__INFORMATION__
┄┄┄┄┄┄
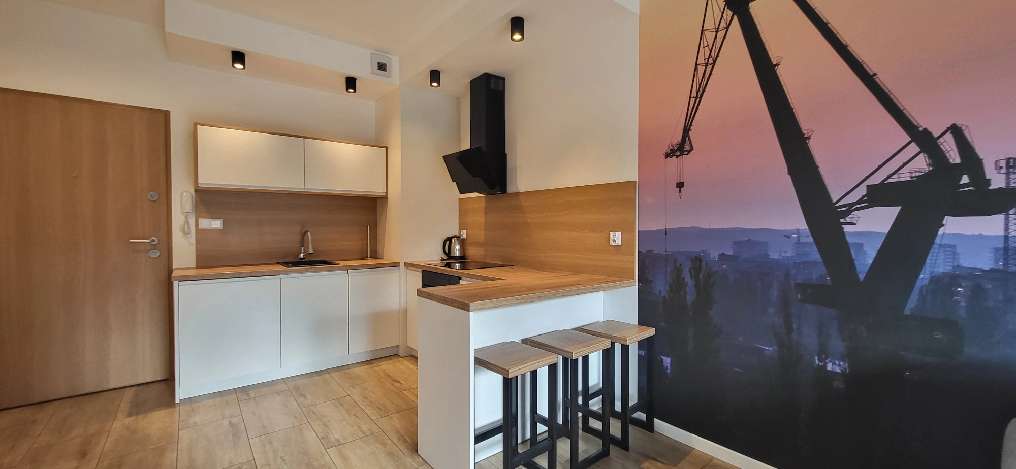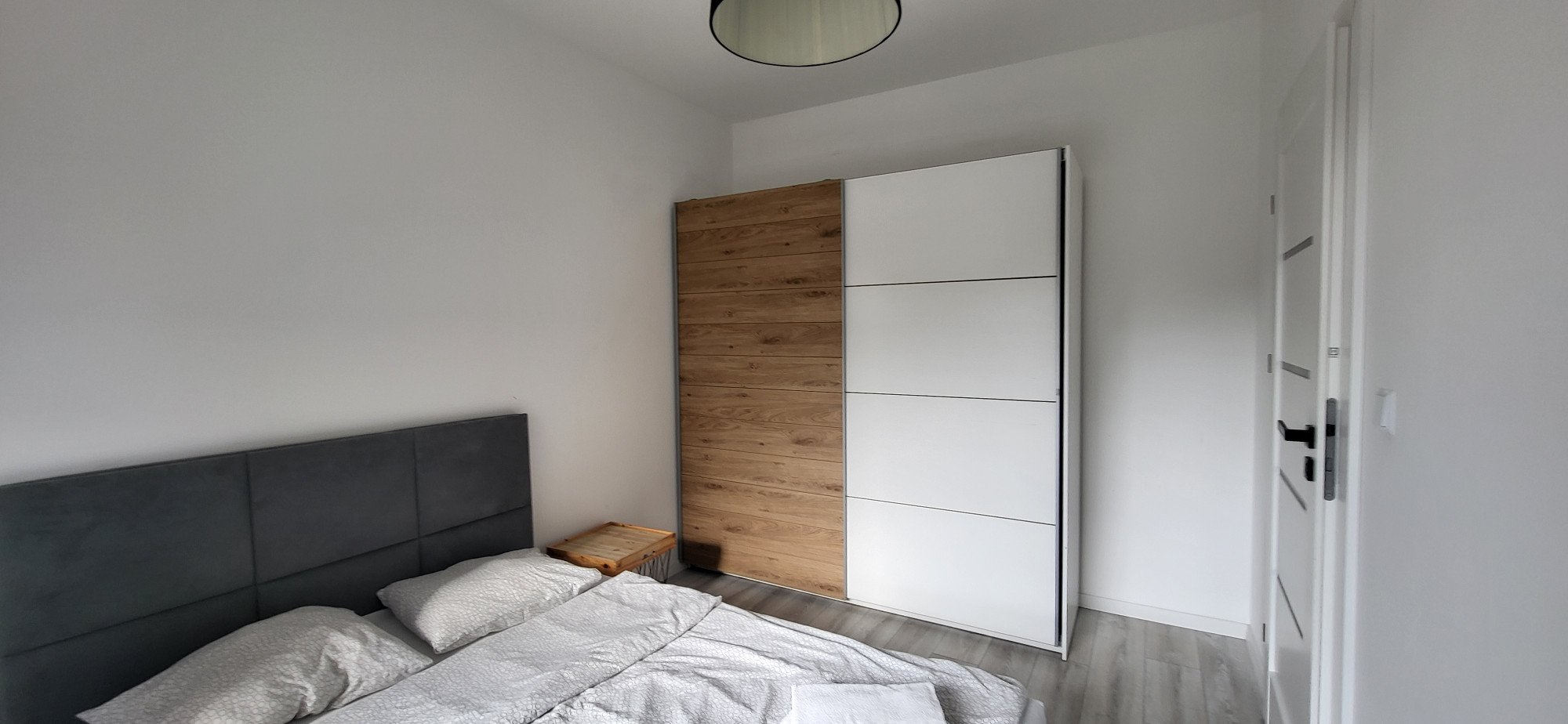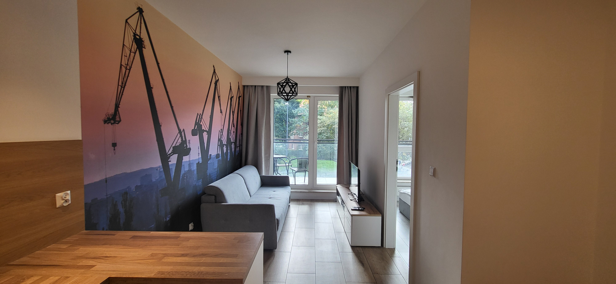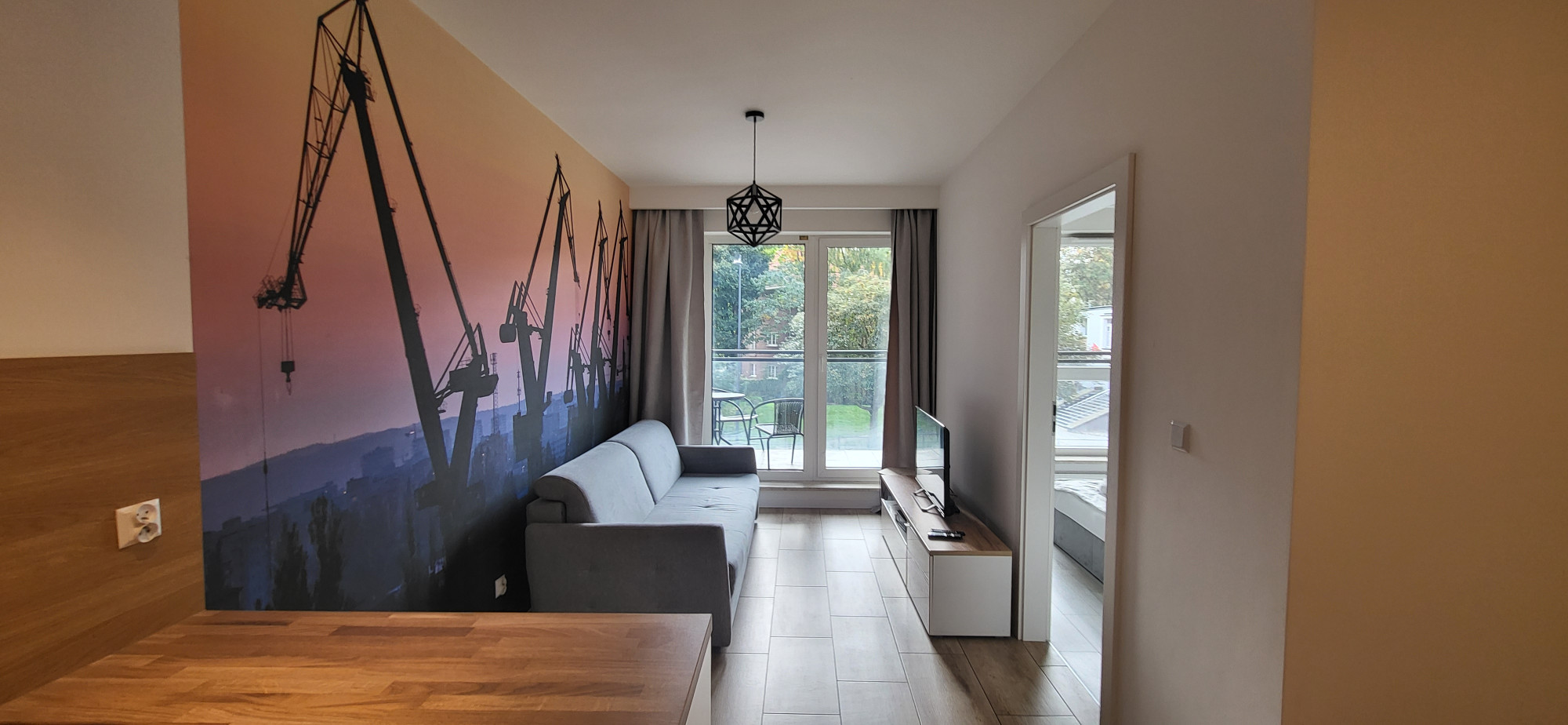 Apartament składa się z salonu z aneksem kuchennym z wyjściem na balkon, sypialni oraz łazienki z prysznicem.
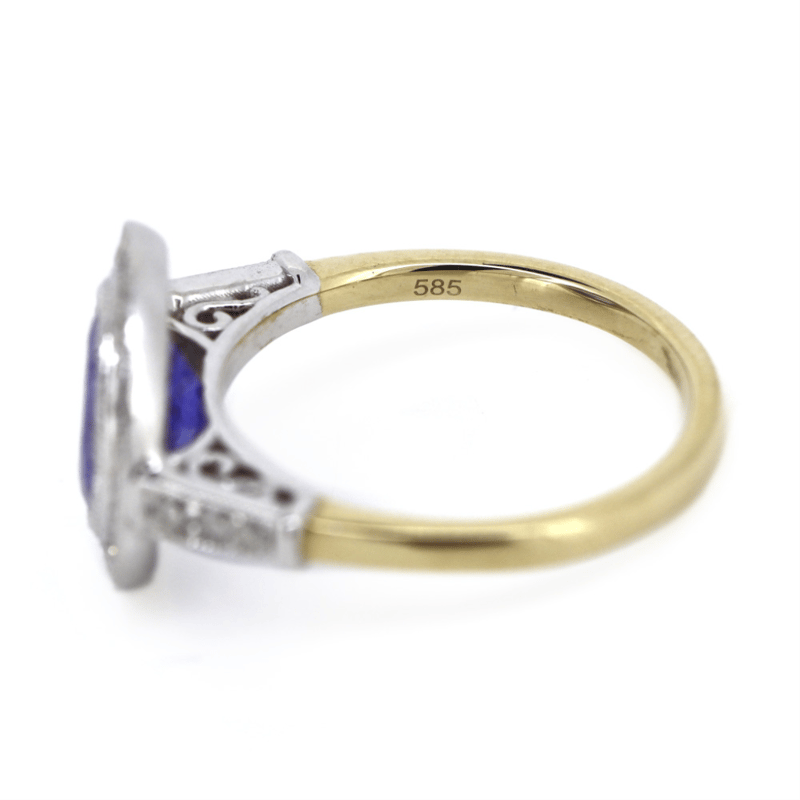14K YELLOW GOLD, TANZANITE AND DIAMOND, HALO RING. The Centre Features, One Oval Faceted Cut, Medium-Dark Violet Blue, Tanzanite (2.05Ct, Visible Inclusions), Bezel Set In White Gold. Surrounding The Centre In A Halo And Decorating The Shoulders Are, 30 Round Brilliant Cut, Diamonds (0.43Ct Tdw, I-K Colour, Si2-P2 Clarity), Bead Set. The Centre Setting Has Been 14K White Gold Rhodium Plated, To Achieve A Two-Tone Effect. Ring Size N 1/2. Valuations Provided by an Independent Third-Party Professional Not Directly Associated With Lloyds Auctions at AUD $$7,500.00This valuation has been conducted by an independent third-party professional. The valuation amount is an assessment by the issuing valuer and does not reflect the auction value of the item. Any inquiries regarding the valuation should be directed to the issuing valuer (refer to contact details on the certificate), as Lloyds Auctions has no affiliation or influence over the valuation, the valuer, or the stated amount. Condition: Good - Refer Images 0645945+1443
┄┄┄┄┄┄
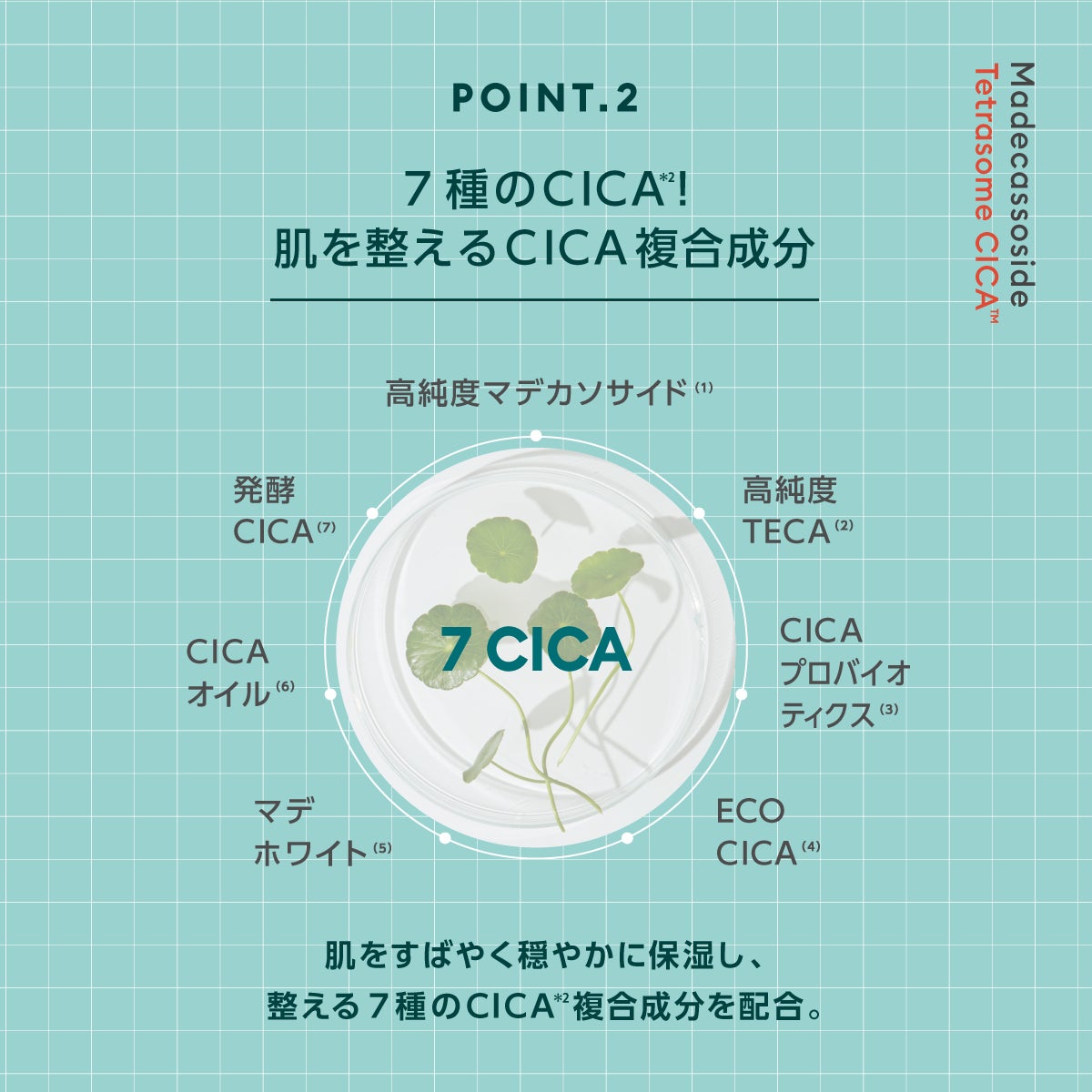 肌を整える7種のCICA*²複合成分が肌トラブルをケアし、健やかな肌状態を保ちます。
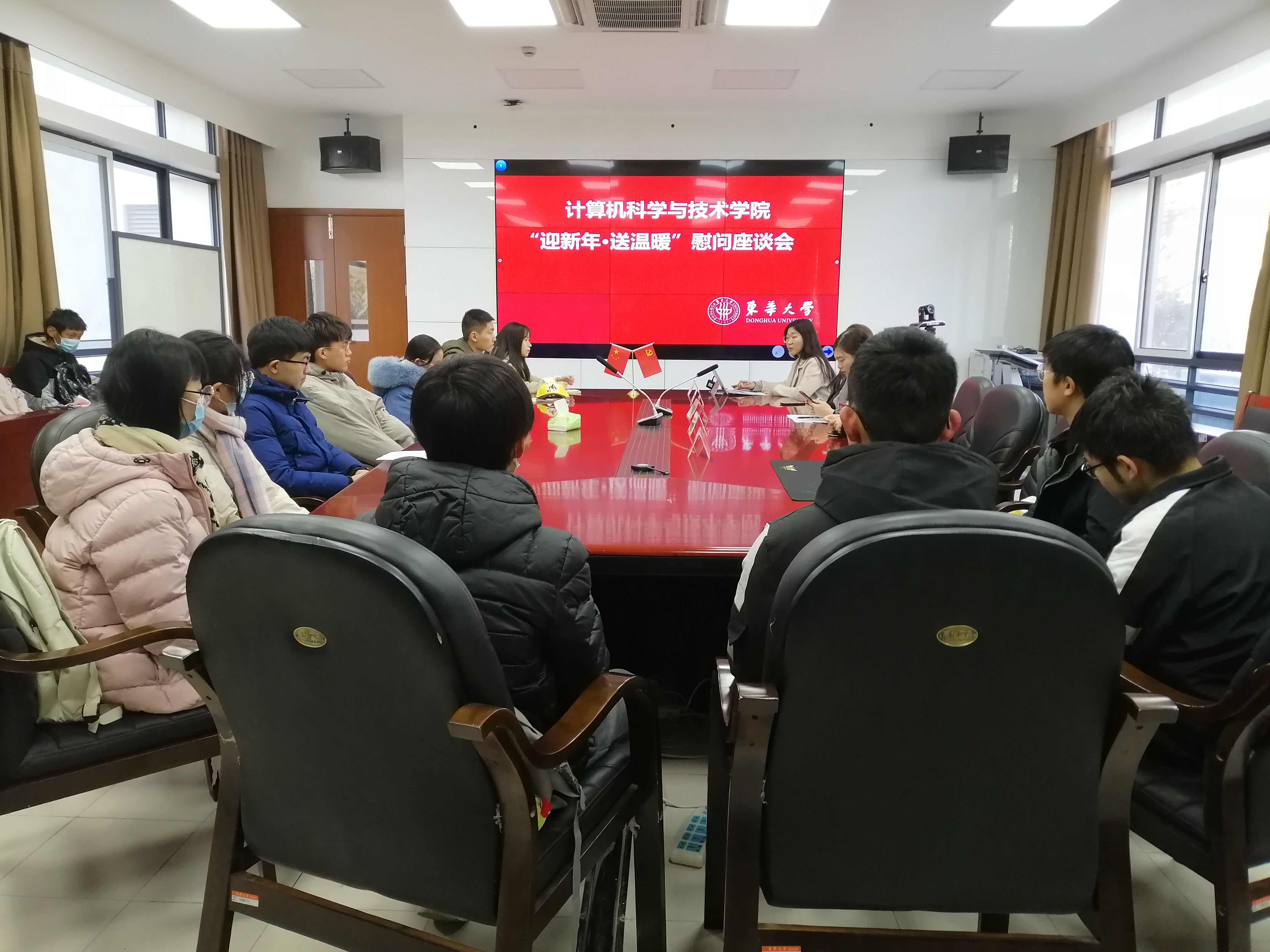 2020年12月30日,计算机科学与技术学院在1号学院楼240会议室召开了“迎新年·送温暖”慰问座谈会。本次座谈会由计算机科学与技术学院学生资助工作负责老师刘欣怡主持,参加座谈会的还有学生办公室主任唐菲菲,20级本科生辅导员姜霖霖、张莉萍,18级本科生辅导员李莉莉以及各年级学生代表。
┄┄┄┄┄┄
__AIM OF THE TASK__
Nothing but the lines above, starting at the line that contains "肌を整える7種のCICA*²" and ending at the line that contains "2020年12月30日,计算", should be given again, exactly and without the pictures.

__COMPLETED EXERCISE__
 肌を整える7種のCICA*²複合成分が肌トラブルをケアし、健やかな肌状態を保ちます。
 2020年12月30日,计算机科学与技术学院在1号学院楼240会议室召开了“迎新年·送温暖”慰问座谈会。本次座谈会由计算机科学与技术学院学生资助工作负责老师刘欣怡主持,参加座谈会的还有学生办公室主任唐菲菲,20级本科生辅导员姜霖霖、张莉萍,18级本科生辅导员李莉莉以及各年级学生代表。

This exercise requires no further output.